====== GIVEN DATA ======

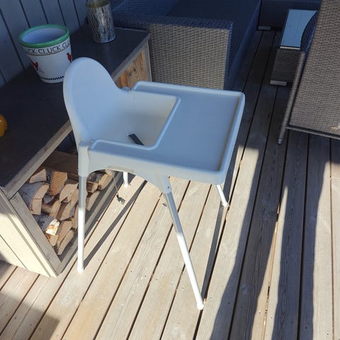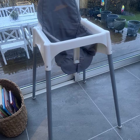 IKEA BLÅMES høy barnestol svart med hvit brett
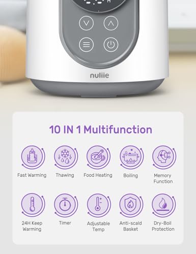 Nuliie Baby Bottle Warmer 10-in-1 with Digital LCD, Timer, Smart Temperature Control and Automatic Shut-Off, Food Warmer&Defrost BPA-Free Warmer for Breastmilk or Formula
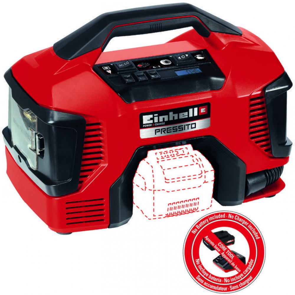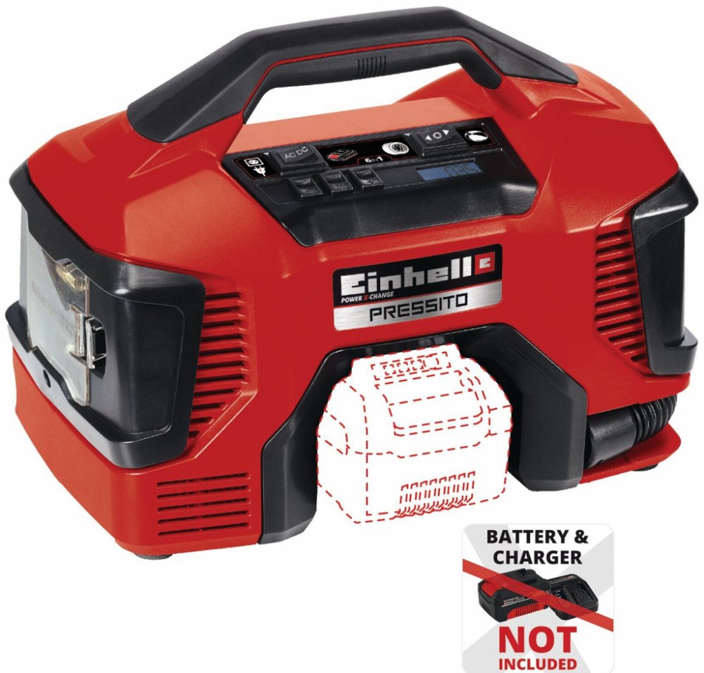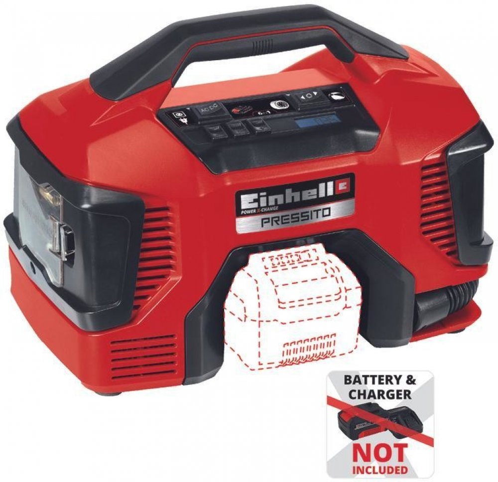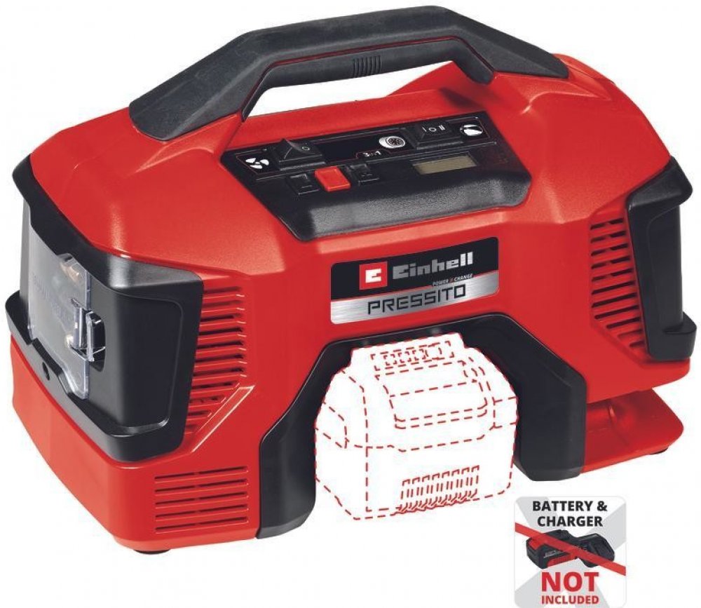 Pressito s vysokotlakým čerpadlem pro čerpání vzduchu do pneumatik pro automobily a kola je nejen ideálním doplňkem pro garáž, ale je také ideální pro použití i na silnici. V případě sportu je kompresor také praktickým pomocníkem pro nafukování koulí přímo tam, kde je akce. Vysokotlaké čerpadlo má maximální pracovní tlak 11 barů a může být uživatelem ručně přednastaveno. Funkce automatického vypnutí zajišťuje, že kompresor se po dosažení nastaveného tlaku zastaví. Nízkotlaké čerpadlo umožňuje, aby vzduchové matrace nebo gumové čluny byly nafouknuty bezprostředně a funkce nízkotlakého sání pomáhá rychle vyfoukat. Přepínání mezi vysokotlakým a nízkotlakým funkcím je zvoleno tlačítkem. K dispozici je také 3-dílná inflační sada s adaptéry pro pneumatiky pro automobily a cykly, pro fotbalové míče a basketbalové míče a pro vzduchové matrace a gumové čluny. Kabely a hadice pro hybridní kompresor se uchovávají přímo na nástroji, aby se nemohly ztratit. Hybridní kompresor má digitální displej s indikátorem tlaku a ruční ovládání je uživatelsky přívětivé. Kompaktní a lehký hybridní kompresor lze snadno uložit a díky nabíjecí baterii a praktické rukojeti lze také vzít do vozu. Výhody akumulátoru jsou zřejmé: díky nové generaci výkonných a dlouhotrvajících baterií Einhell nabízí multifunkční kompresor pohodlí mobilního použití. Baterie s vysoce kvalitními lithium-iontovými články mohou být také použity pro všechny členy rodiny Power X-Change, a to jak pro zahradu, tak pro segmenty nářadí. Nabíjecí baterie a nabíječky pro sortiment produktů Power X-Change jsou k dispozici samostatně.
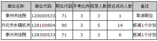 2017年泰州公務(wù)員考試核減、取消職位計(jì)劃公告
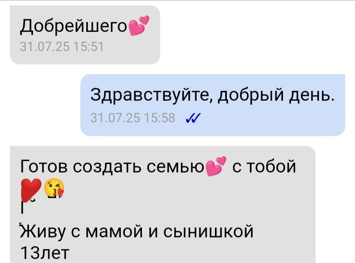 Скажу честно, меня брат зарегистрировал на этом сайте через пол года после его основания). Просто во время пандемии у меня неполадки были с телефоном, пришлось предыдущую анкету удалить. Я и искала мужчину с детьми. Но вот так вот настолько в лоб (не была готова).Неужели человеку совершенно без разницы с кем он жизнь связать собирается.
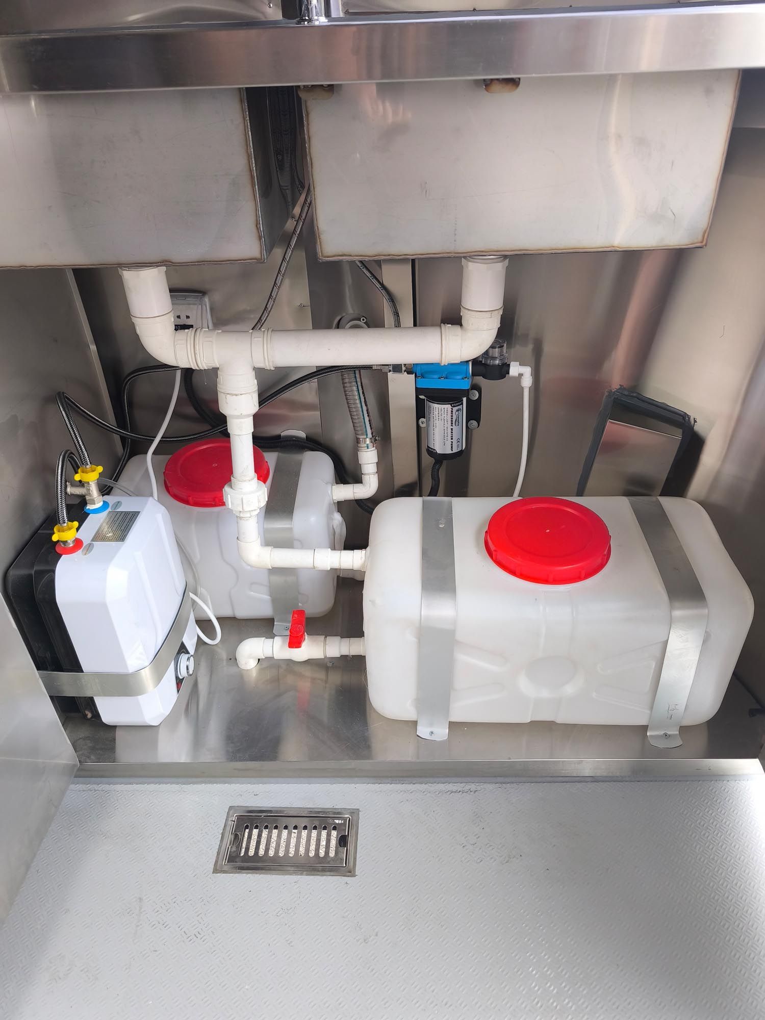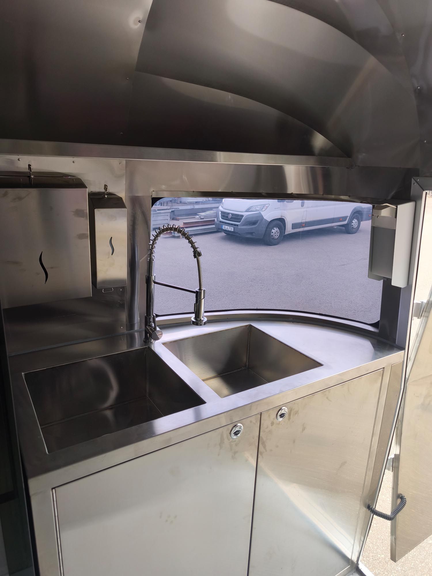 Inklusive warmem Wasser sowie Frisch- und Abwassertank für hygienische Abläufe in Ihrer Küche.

======

## DESCRIPTION OF THE TASK
Transcribe exactly and only the lines from the top of the records through the line containing "Nuliie Baby Bottle", inclusive, and do not copy the pictures.

## SOLUTION TO THE EXERCISE
 IKEA BLÅMES høy barnestol svart med hvit brett
 Nuliie Baby Bottle Warmer 10-in-1 with Digital LCD, Timer, Smart Temperature Control and Automatic Shut-Off, Food Warmer&Defrost BPA-Free Warmer for Breastmilk or Formula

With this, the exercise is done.